The task:
A complete answer retypes each of the records below precisely and includes none of the pictures.

Data records:
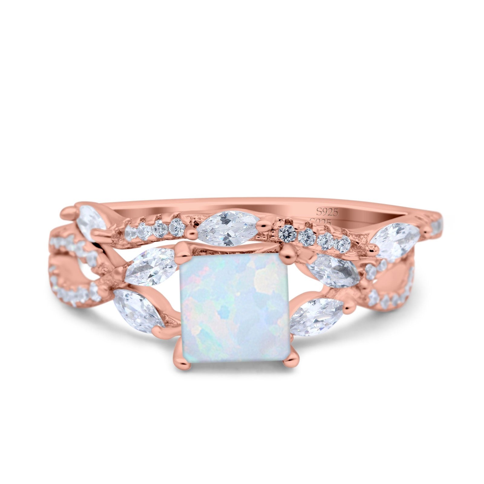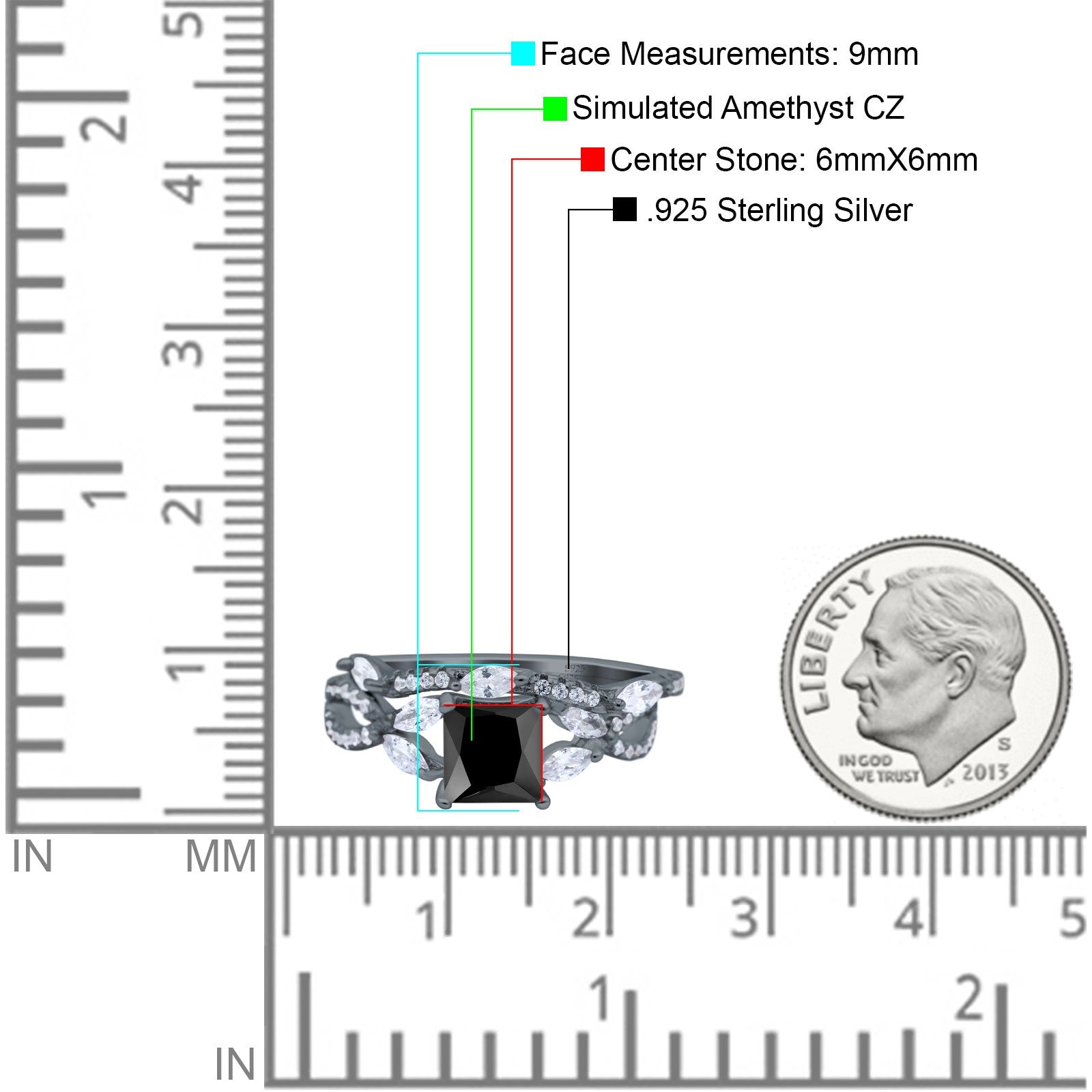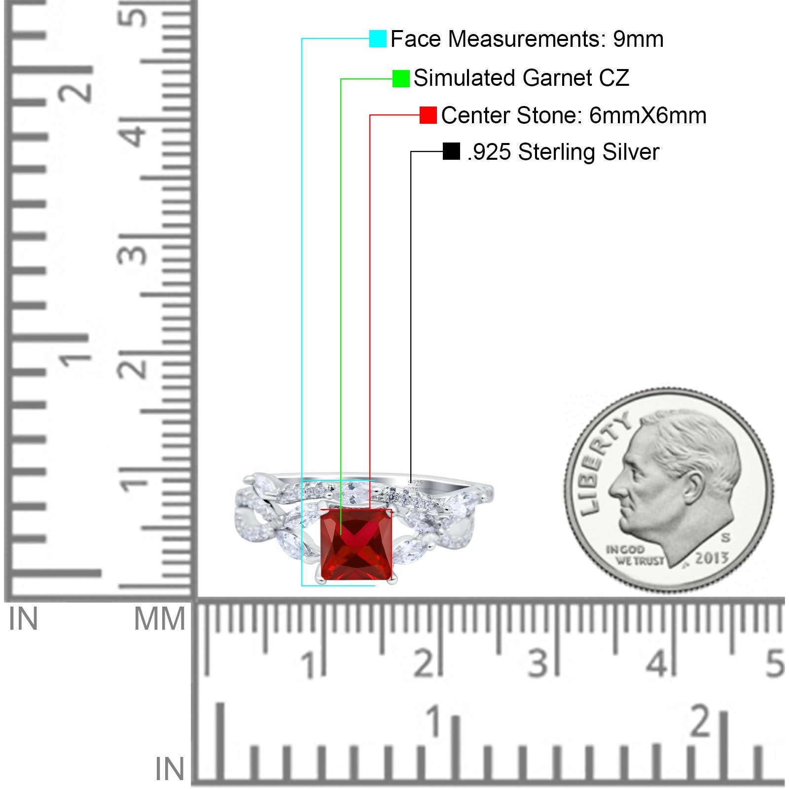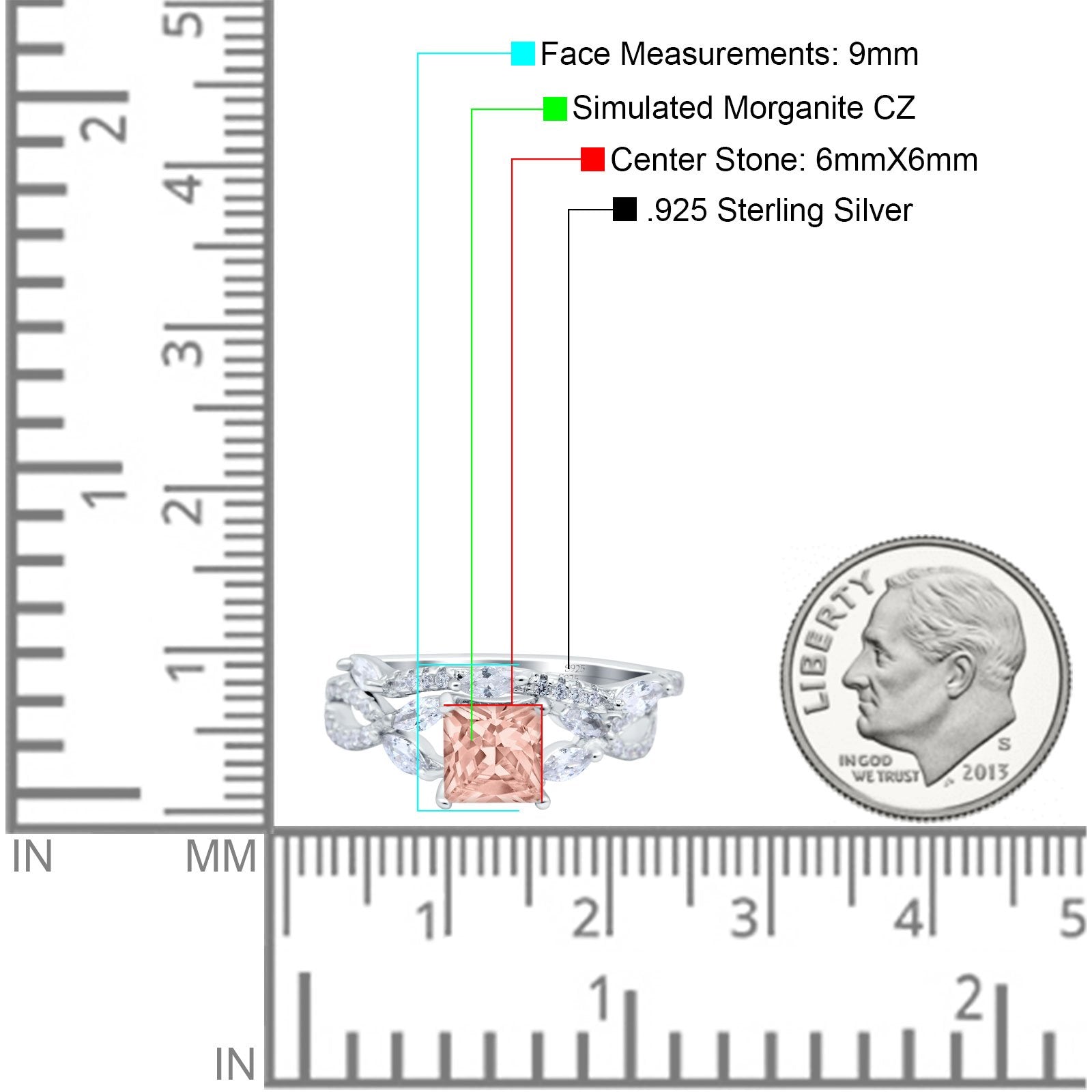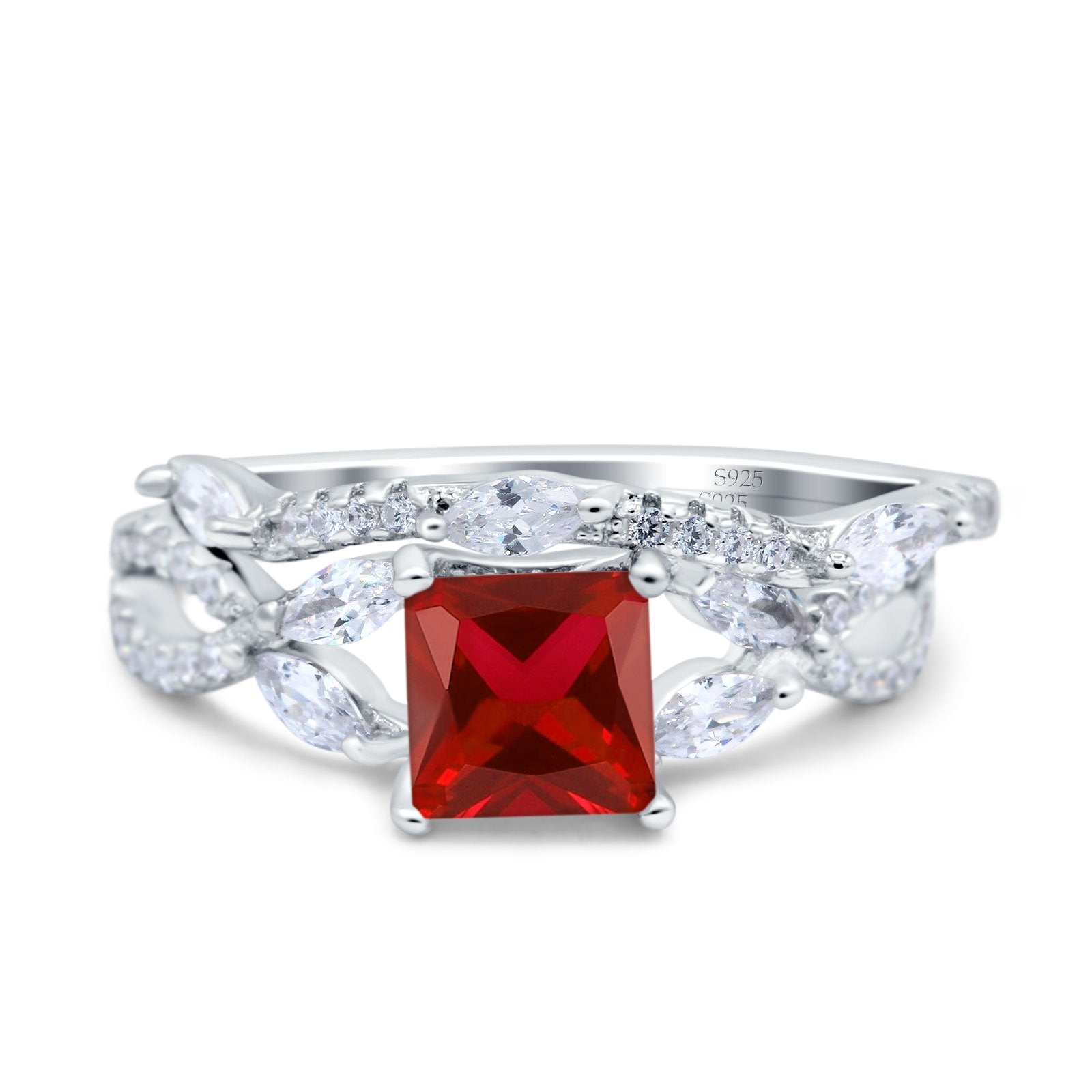 Two Piece Bridal Set Art Deco Princess Cut Wedding Engagement Marquise Round Simulated Cubic Zirconia 925 Sterling Silver
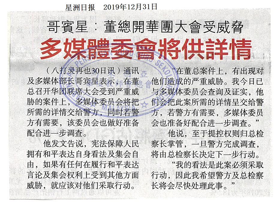 哥宾星:董总开华团大会受威胁 多媒体委会将供详情
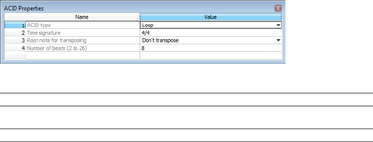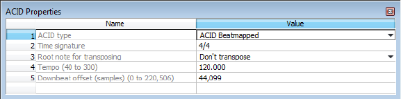 - ACID Properties window (Ctrl+Alt+M, 3)
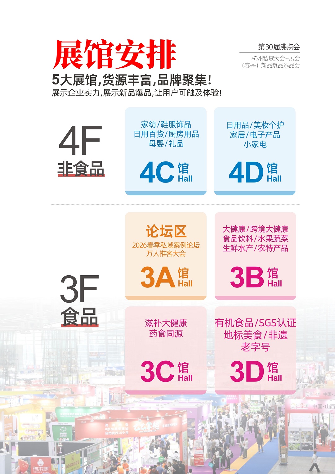 此次杭州沸點會,將啟用杭州國際博覽中心6大展館:3A/3B/3C/3D/4C/4D,總面積超5萬平米,1000+家優質參展商,10000+新品爆品展出,98%私域頭部渠道現場選品。
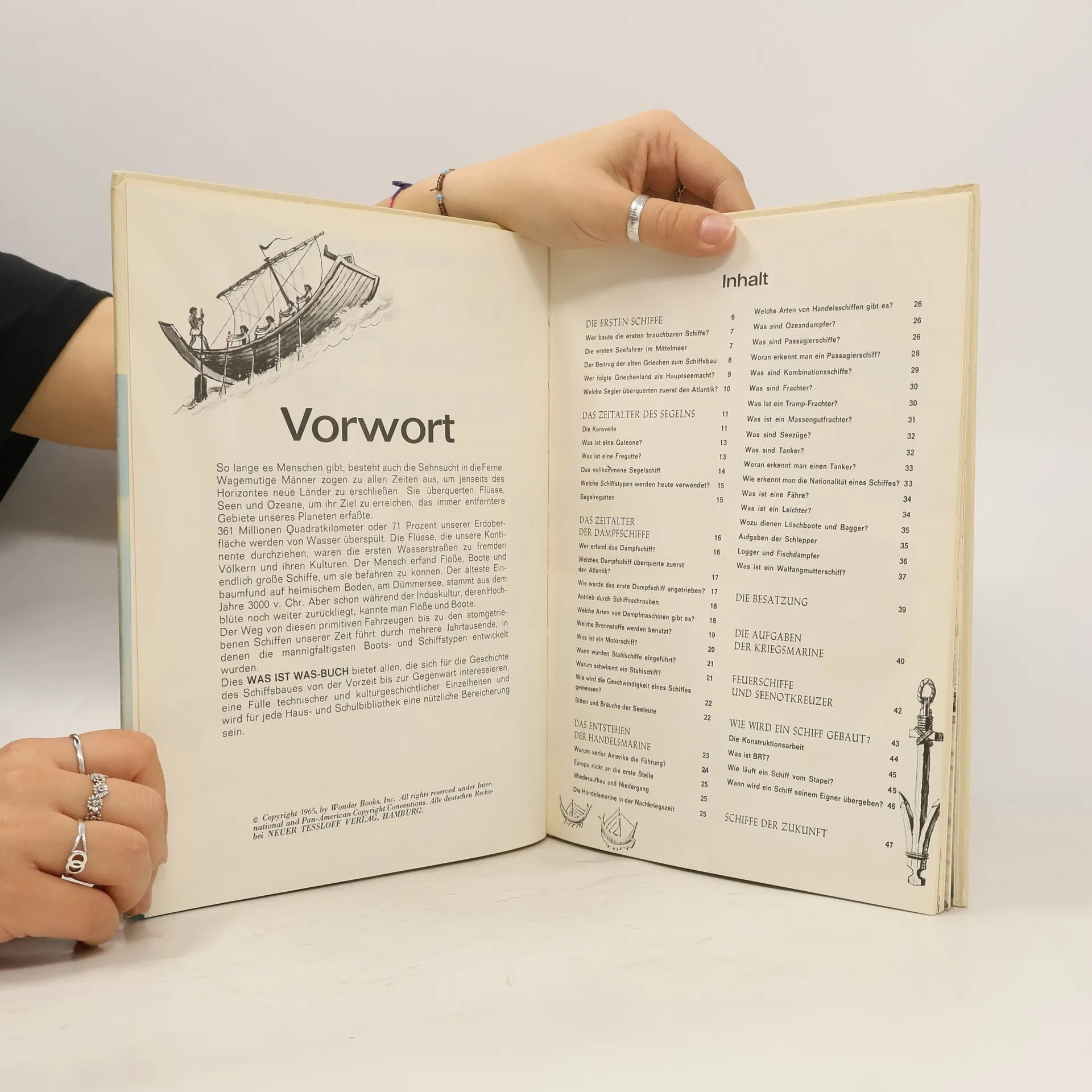 Ein einfaches Stück Holz wird das erste Gefährt des Menschen auf dem Wasser gewesen sein. Heute werden Waren mit modernen Containerschiffen über die Weltmeere transportiert, Fähren sichern schnelle Verkehrsverbindungen und Urlauber verbringen ihre Ferien auf Kreuzfahrtschiffen. Dazwischen liegt die spannende Zeit der Segelschifffahrt und eine bis heute grandiose Entwicklung der Technik, nicht nur der Dampfschifffahrt, sondern auch der Kühlfrachter, Rettungskreuzer und Öltanker.
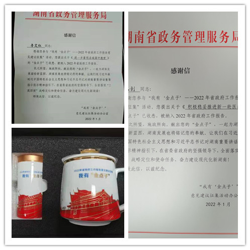 连日来,共青团桃江县委书记鲁定红、桃江县沾溪镇卫生院院长夏永利等先后收到了湖南省政务管理服务局寄送的感谢信和礼物,他们的“金点子”被纳入了2022年省政府工作报告。
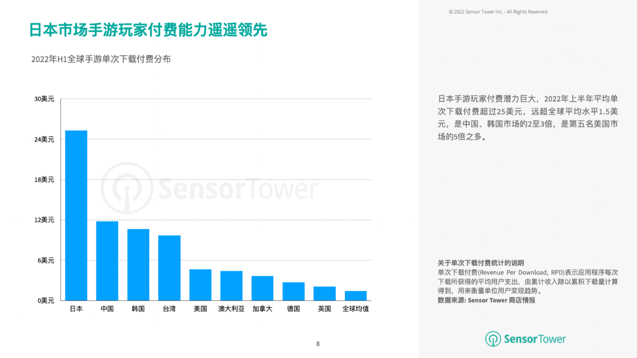 2022 年上半年日本手游市场:玩家支出突破 82 亿美元,平均单次下载付费为美国 5 倍

Finished exercise:
 Two Piece Bridal Set Art Deco Princess Cut Wedding Engagement Marquise Round Simulated Cubic Zirconia 925 Sterling Silver
 哥宾星:董总开华团大会受威胁 多媒体委会将供详情
 - ACID Properties window (Ctrl+Alt+M, 3)
 此次杭州沸點會,將啟用杭州國際博覽中心6大展館:3A/3B/3C/3D/4C/4D,總面積超5萬平米,1000+家優質參展商,10000+新品爆品展出,98%私域頭部渠道現場選品。
 Ein einfaches Stück Holz wird das erste Gefährt des Menschen auf dem Wasser gewesen sein. Heute werden Waren mit modernen Containerschiffen über die Weltmeere transportiert, Fähren sichern schnelle Verkehrsverbindungen und Urlauber verbringen ihre Ferien auf Kreuzfahrtschiffen. Dazwischen liegt die spannende Zeit der Segelschifffahrt und eine bis heute grandiose Entwicklung der Technik, nicht nur der Dampfschifffahrt, sondern auch der Kühlfrachter, Rettungskreuzer und Öltanker.
 连日来,共青团桃江县委书记鲁定红、桃江县沾溪镇卫生院院长夏永利等先后收到了湖南省政务管理服务局寄送的感谢信和礼物,他们的“金点子”被纳入了2022年省政府工作报告。
 2022 年上半年日本手游市场:玩家支出突破 82 亿美元,平均单次下载付费为美国 5 倍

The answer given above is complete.